MJA
MJA

headspace - Australia's innovation in youth mental health: who are the clients and why are they presenting?

Ian B Hickie, Elizabeth M Scott and Nicholas Glozier
Med J Aust 2014; 200 (8): 452-454. || doi: 10.5694/mja14.00145
Published online: 5 May 2014

To the Editor: We commend Rickwood and colleagues for presenting aggregated data from headspace centres. However, to judge whether headspace is meeting its key policy objectives, more detailed information is required. No performance benchmarks were proposed for the national program or for the constituent centres. Specifically, the variance in key characteristics (age, sex, Aboriginal and Torres Strait Islander populations, rurality, socioeconomic status and current disability) of young people attending the individual centres was not described. As headspace centres were initially placed in areas of need (ie, non-urban, low socioeconomic status, fewer private medical or psychological services, or high Aboriginal and Torres Strait Islander populations), one might expect to see evidence of enhanced access for those with disability or financial hardship. For example, at the University of Sydney-managed headspace sites, 25% of young people were receiving financial assistance and “the same fraction (were) completely disconnected from employment or education” (emphasis added). Internationally, youth-targeted mental health services are being encouraged to focus on such disadvantaged individuals.
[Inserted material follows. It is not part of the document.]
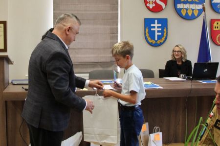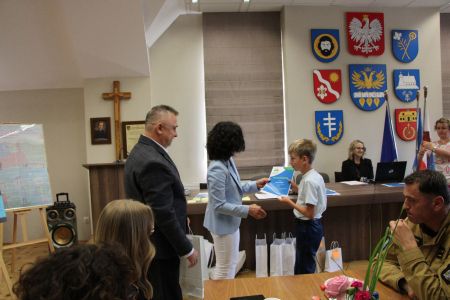 Podczas uroczystego rozstrzygnięcia konkursu, nagrody ufundowane przez Wójta Gminy Haczów, laureatom oraz wyróżnionym uczniom wręczył Sekretarz Gminy Haczów Piotr Rostek.

In Australia, 12% of youth are in this category, and the proportion varies significantly by geographical region (7%–35%). These proportions are not the same as those reported by Rickwood et al (29% in the headspace cohort and 27% in the Australian population), where the measure used appears to be that of not participating fully in employment or education. Given that the economic and social justifications for early intervention are focused on enhancing such participation rates, clarification of the metrics being reported by headspace is essential.